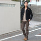 素材感が違うアウターと組み合わせる事でメリハリがつき、
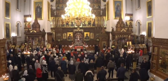 На телеканале NewsOne вели трансляцию указанного богослужения. На скиншотах, которые опубликовал ресурс "Униан" видно, как плотно стоят прихожане.
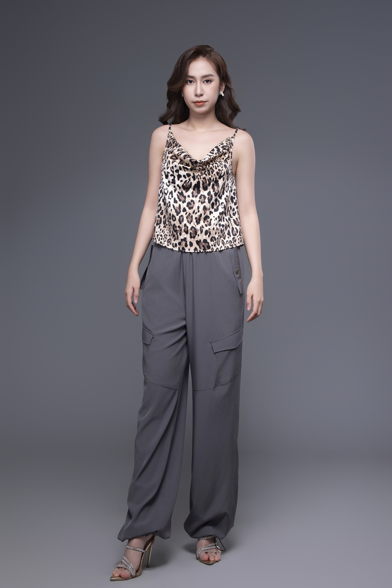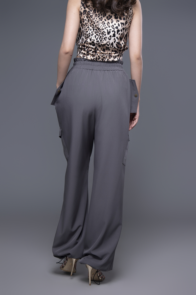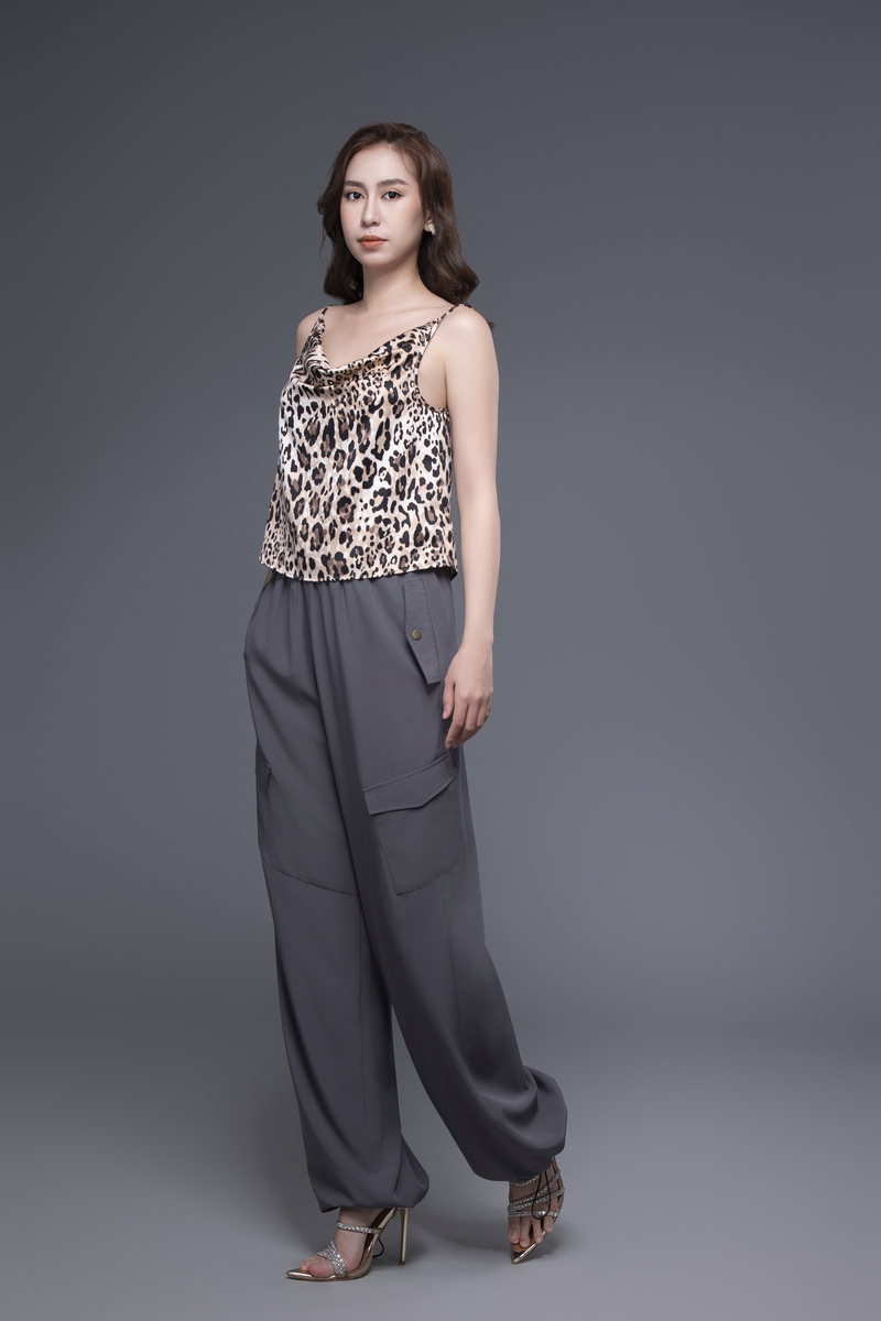 - Quần túi hộp màu xám đậm, cạp chun co giãn, có phần chun thu ở ống quần giúp dễ dàng thu gọn, form dáng rộng rãi che khuyết điểm tốt, mang lại sự năng động và thoải mái cho người mặc.
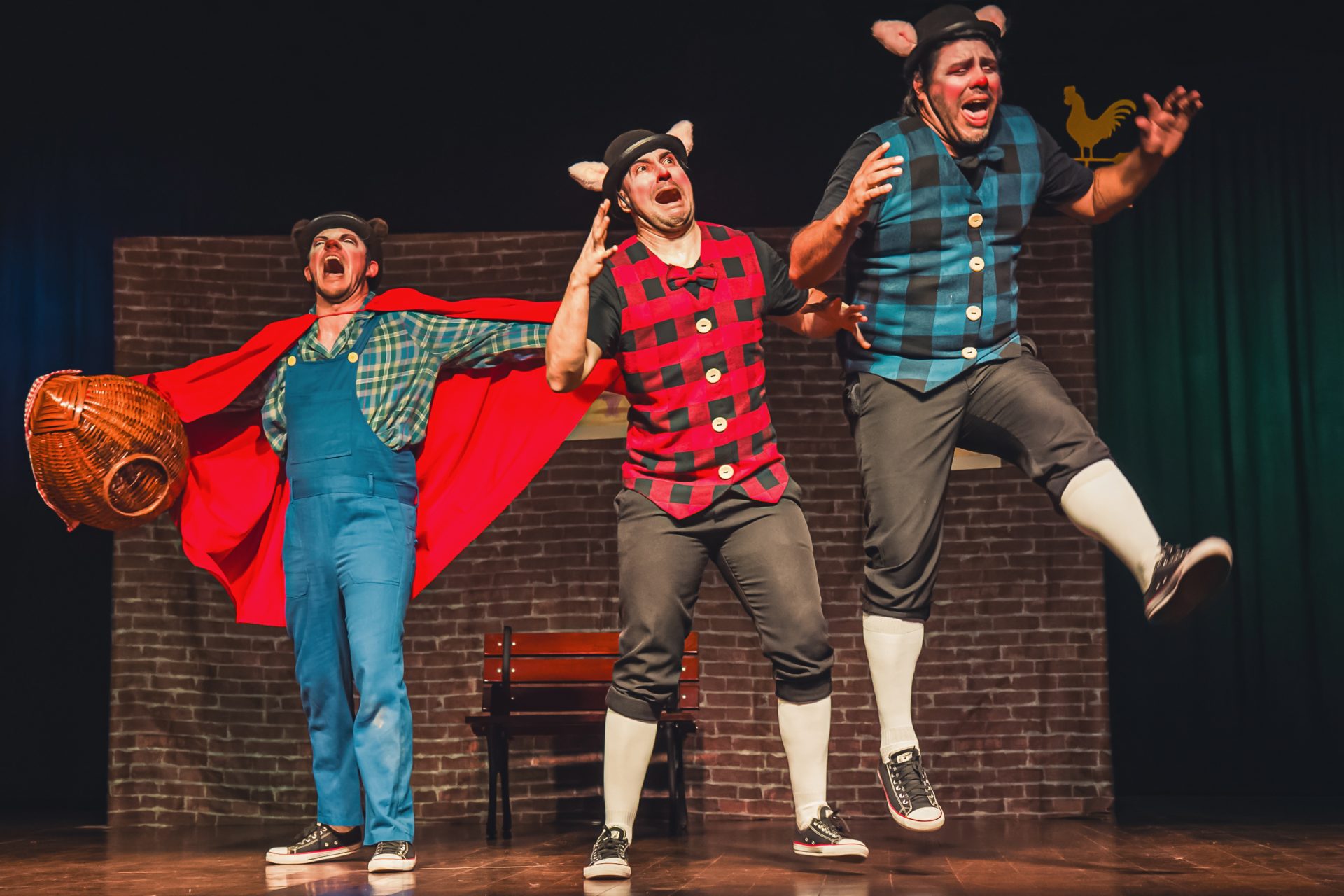 O espetáculo “Os 3 Porquinhos e a Volta do Lobo Mau” também tem direção e texto de Fábio Agueda e Fernando Alves. No palco, os atores Alan Nascimento, Fábio Agueda, Fernando Alves e Joyce Camassutti encenam a história.
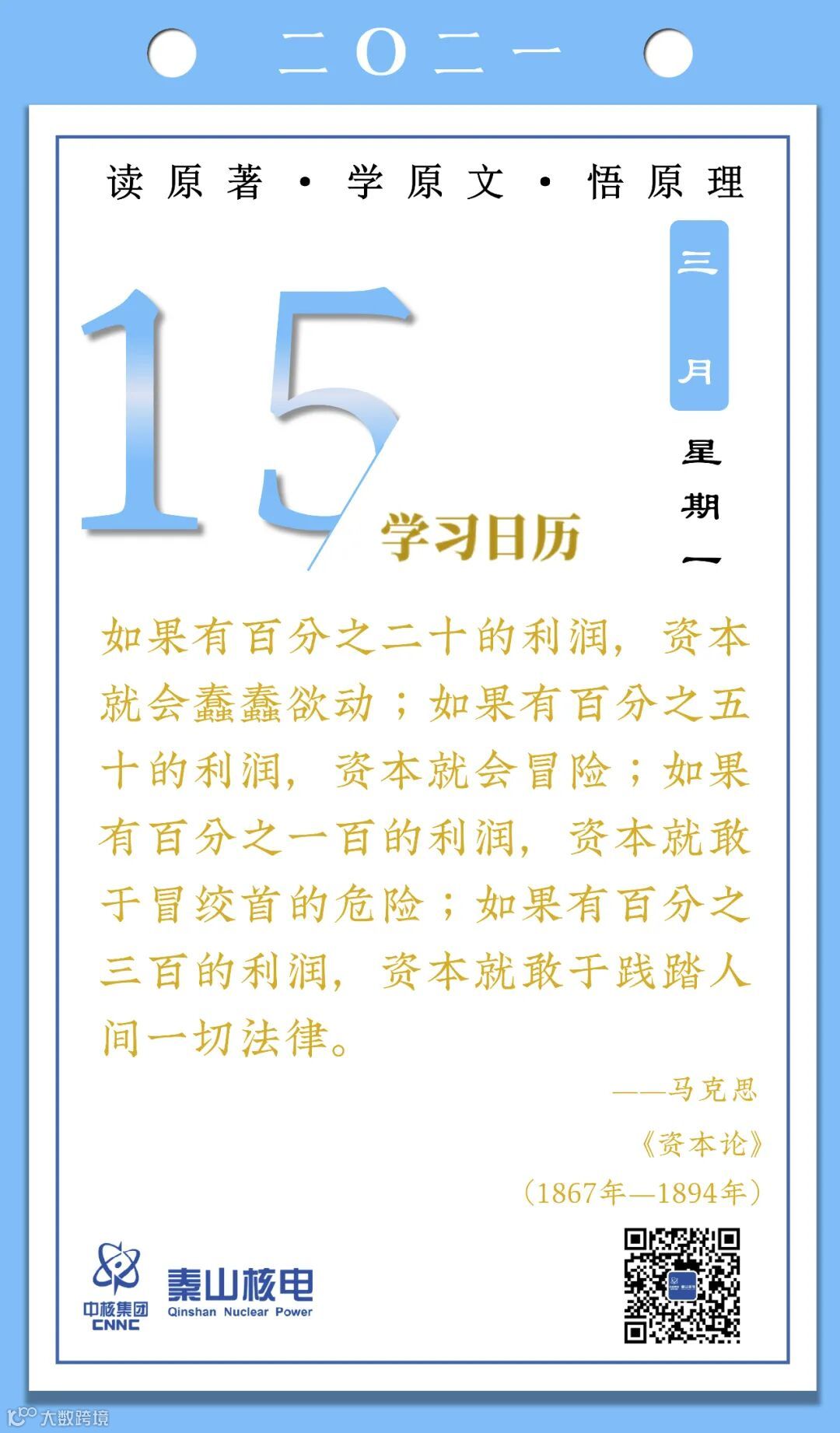 3月15日,秦山核电青年的《学习日历》
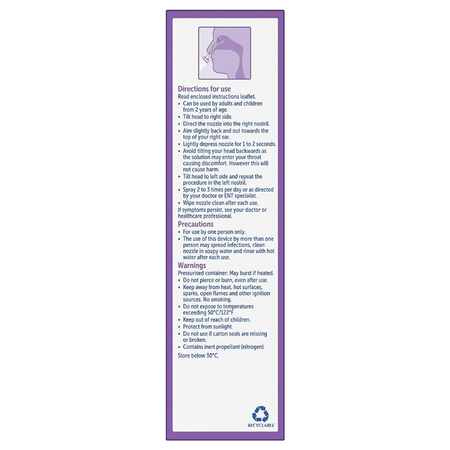 - Spray 2 to 3 times per day or as directed by your doctor or ENT specialist.

**ASSIGNMENT:**
Take the lines from the one containing "3月15日,秦山核电青年的《学习日历》" through the final line of the listing above and print them exactly, including both ends but no pictures.

**ANSWER AREA:**
 3月15日,秦山核电青年的《学习日历》
 - Spray 2 to 3 times per day or as directed by your doctor or ENT specialist.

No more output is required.